Thanks Qiaochu for the result. –  El Moro Apr 29 '11 at 6:46
    
The MathOverflow question Qiaochu was probably referring to is at mathoverflow.net/questions/13322/… –  Jonas Meyer Apr 29 '11 at 19:43

3 Answers 3

up vote 5 down vote accepted

In the abstract vector space case, where "dual space" is the algebraic dual (the vector space of all linear functionals), a vector space is isomorphic to its (algebraic) dual if and only if it is finite dimensional.

Bill Dubuque gives a nice argument in a sci.math post.

If $\mathbf{V}$ is an infinite dimensional vector space over $\mathbf{F}$ of dimension $d$, then the cardinality of $\mathbf{V}$ as a set is equal to $d|\mathbf{F}|=\max\{d,|\mathbf{F}|\}$, and $\mathbf{V}$ is isomorphic to $\mathbf{F}^{(d)}$ (functions from a set of cardinality $d$ to $\mathbf{F}$ with finite support), and the dual $\mathbf{V}^*$ is isomorphic to $\mathbf{F}^d$ (all functions from a set of cardinality $d$ to $\mathbf{F}$), so $|\mathbf{V}^*| = |\mathbf{F}|^d$.

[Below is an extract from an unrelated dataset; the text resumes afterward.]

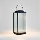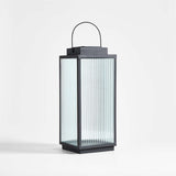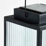 Illuminate your patio, porch or balcony with this lantern inspired by our bestselling Alfresco outdoor furniture collection. Framed in matte black, panels of linear ribbed glass soften the glow of the integrated lights. The look is fresh and modern, and the solar-powered battery means effortless operation. This medium LED lantern is perfectly sized for placing atop an outdoor coffee table or flanking a doorway.Powdercoated steel frame
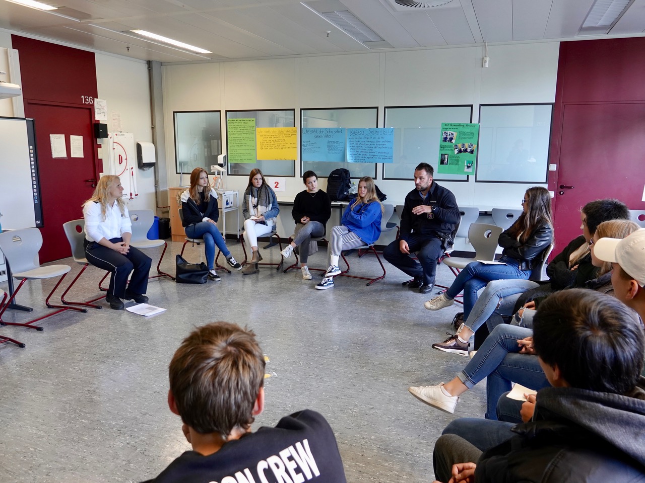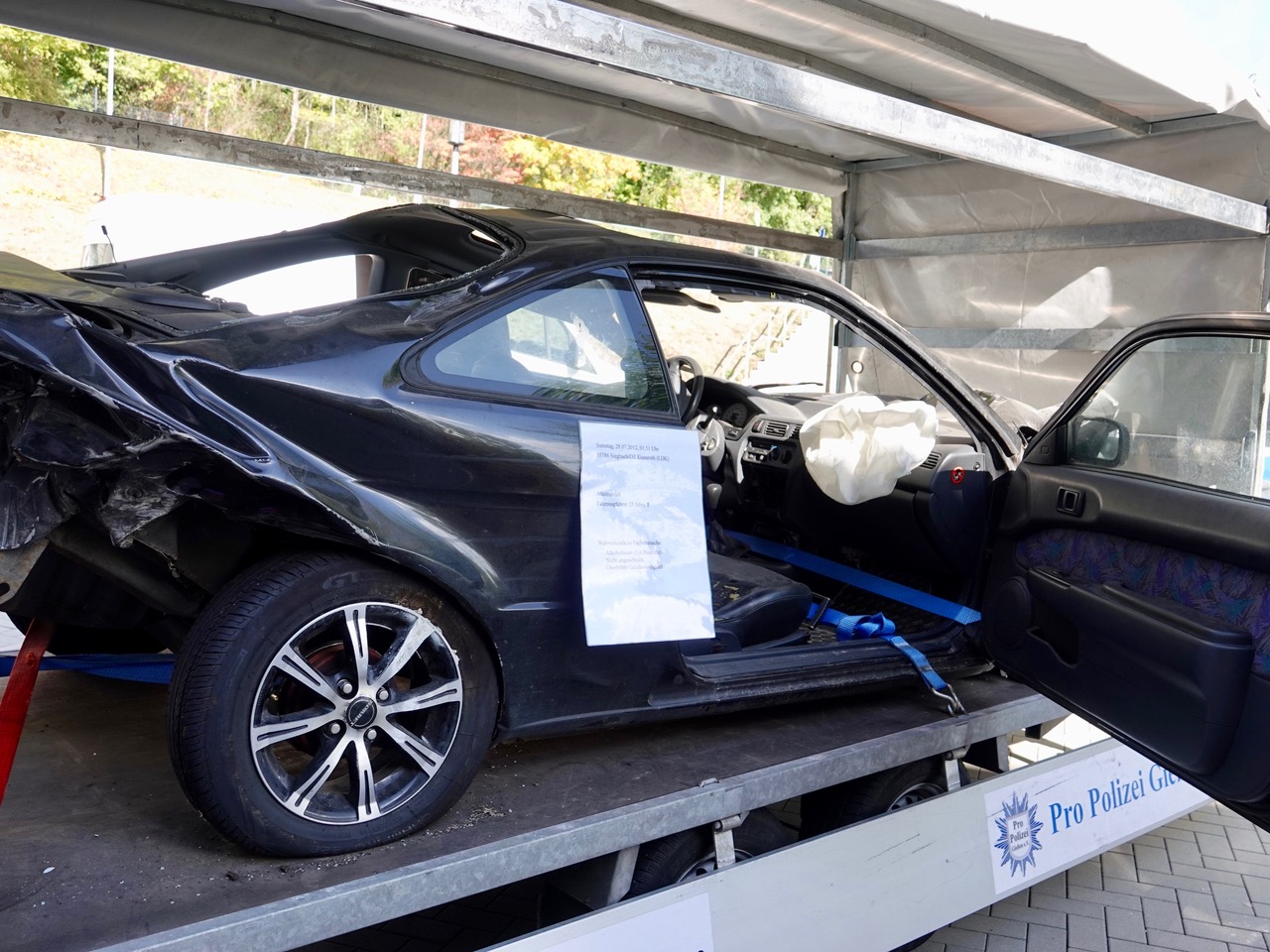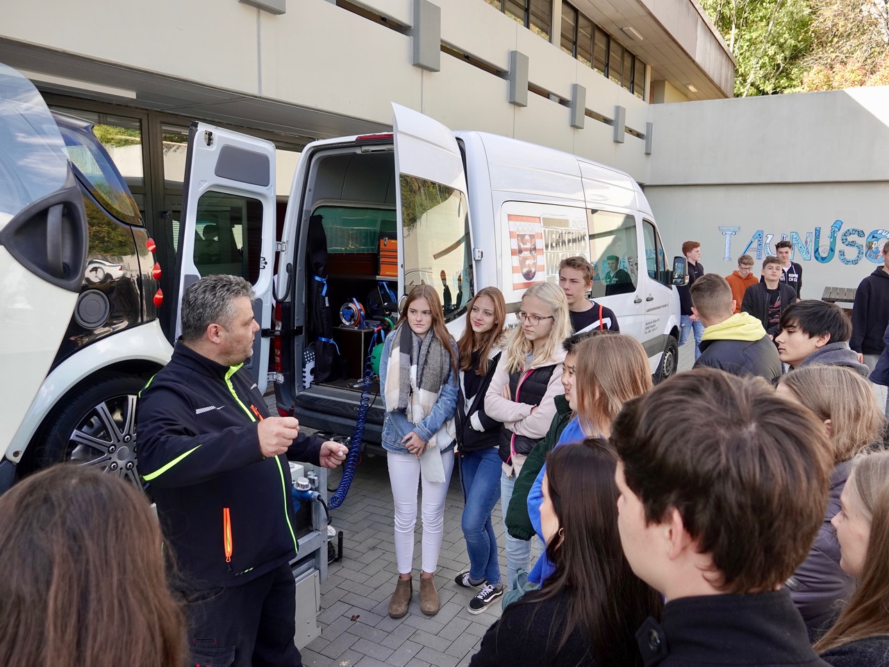 Nach einer allgemeinen Einführung für die gesamte Jahrgangsstufe mit Frau Klaus und Herrn Neumeister von der Hessischen Polizei besuchten die Schülerinnen und Schüler in Gruppen einzelne Stationen: Etwa den Rauschbrillenparcours, eine Trunkenheitssimulation mit eigens präparierten Brillen, die den Schülern sehr schnell deutlich machte, wie schnell man die Kontrolle über sicher geglaubte Fähigkeiten verlieren kann. Im Überschlagssimulator lernten die Schüler, sich aus einem Fahrzeug zu befreien, das bei einem Unfall auf dem Dach landete. Bei der Aufprallsimulation saßen die jungen Leute – angeschnallt – in einem von Herrn Fischer und seinen Kollegen von der Landesverkehrswacht präparierten Smart, der auf einem Gurtschlitten mit einer Geschwindigkeit von etwa 10 Stundenkilometern schlagartig zum Stehen gebracht wurde. Die kläglichen Reste eines Unfallwagens gleich daneben demonstrierten eindrücklich, wie es aussehen kann, wenn es mit höheren Geschwindigkeiten zum Crash kommt. Weiter ging es mit Sofortmaßnahmen am Unfallort, die Jörg Libbert vom Deutschen Roten Kreuz an einem Dummy anschaulich demonstrierte. Auch die direkte Kommunikation mit Menschen, die Suchtproblematik am eigenen Leibe erfahren haben und nun anderen Betroffenen helfen, war an diesem Vormittag in Zusammenarbeit mit Prof. Dr. med. Krakow, Chefarzt an der Asklepios Klinik Falkenstein und der Gruppe „Die Fleckenbühler“ möglich. Thema waren auch sogenannte „Booster“, mitunter amphetaminhaltige Präparate, die oft in Fitnessstudios angeboten werden und zu schweren gesundheitlichen Schädigungen führen können.

If the dimension of $\mathbf{V}^*$ is $d'$, we want to show that $d'\gt d$. Note that, as with $\mathbf{V}$, we have $|\mathbf{V}^*|=d'|\mathbf{F}| = \max\{d',|\mathbf{F}|\}$.

Now let $\{\mathbf{e}_n\}$ be a countable linearly independent subset of $\mathbf{V}$, and extend to a basis. For each $c\in \mathbf{F}$, $c\neq 0$, define $\mathbf{f}_c\colon \mathbf{V}\to\mathbf{F}$ by $\mathbf{f}_c(\mathbf{e}_n) = c^n$, and making $\mathbf{f}_c$ equal to $0$ on the rest of the basis. Thet set of all $\mathbf{f}_c$, $c\neq 0$, is linearly independent, so we can conclude that the dimension if $\mathbf{V}^*$ must be at least equal to $|\mathbf{F}|$ (in the finite case, we know the dimension is at least $d\gt |\mathbf{F}|$).

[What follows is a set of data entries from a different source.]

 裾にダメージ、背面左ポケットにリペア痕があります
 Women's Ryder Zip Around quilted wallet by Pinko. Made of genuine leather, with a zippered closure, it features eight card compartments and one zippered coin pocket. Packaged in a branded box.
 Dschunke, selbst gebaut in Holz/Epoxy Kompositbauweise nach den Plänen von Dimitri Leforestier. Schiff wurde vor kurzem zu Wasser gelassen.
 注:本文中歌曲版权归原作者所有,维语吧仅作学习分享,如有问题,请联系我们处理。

That means that $$|\mathbf{V}^*| = d'|\mathbf{F}| = \max\{d',|\mathbf{F}|\} = d'.$$

But we also know that $|\mathbf{V}^*| = |\mathbf{F}|^d|$. Since $d\lt |\mathbf{F}|^{d}$ (since $|\mathbf{F}|\geq 2$_), then $d' = |\mathbf{F}|^d\gt d$, proving that the dimension of $\mathbf{V}^*$ is strictly larger (in the sense of cardinality) than that of $\mathbf{V}$.

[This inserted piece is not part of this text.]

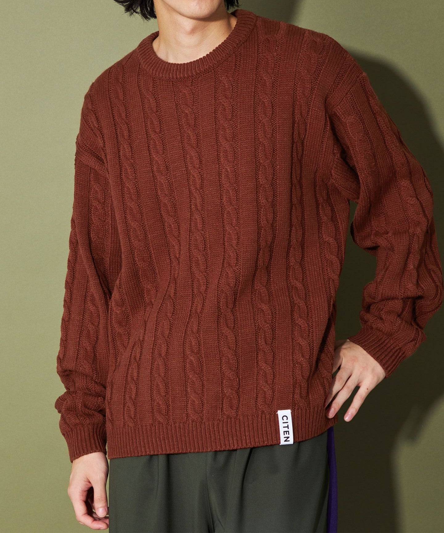 The relaxed fit silhouette matches perfectly with the cable pattern.
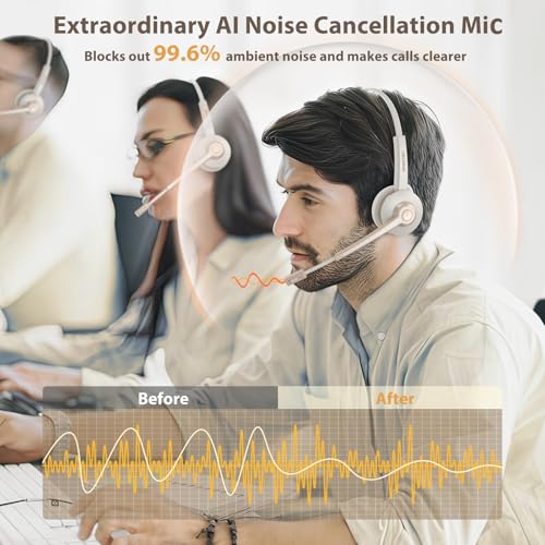 Cancelación de ruido AI: los auriculares inalámbricos con micrófono con micrófono optimizado de alta definición reducen el ruido de fondo y captan tu voz con una claridad excepcional. Los avanzados controladores de audio de 1.575 in proporcionan un sonido ultra claro para ti. Una combinación de un sistema de micrófono avanzado y una cancelación de ruido excepcional garantiza una comunicación clara. Perfecto para cuando estás trabajando o estudiando desde casa o tomando llamadas de conferencia, en el automóvil y al aire libre.

The isomorphism in the finite dimensional case is standard.

So for the algebraic dual, there is never an isomorphism in the infinite dimensional case.

In the Hilbert space case (or in a Banach space, or more generally a topological vector space), one usually restricts to the continuous (or bounded) functionals, so that $\mathbf{V}^*$ denotes the bounded functionals rather than the regular functions. In that case, some spaces are topological-vector-space isomorphic to their double duals, and some not, as AD shows in his answer. The ones that are isomorphic are important enough to get their own name (reflexive). Hilbert spaces are always reflexive, and there are other classes of topological vector spaces that are always reflexive (see Wikipedia's page on reflexive spaces).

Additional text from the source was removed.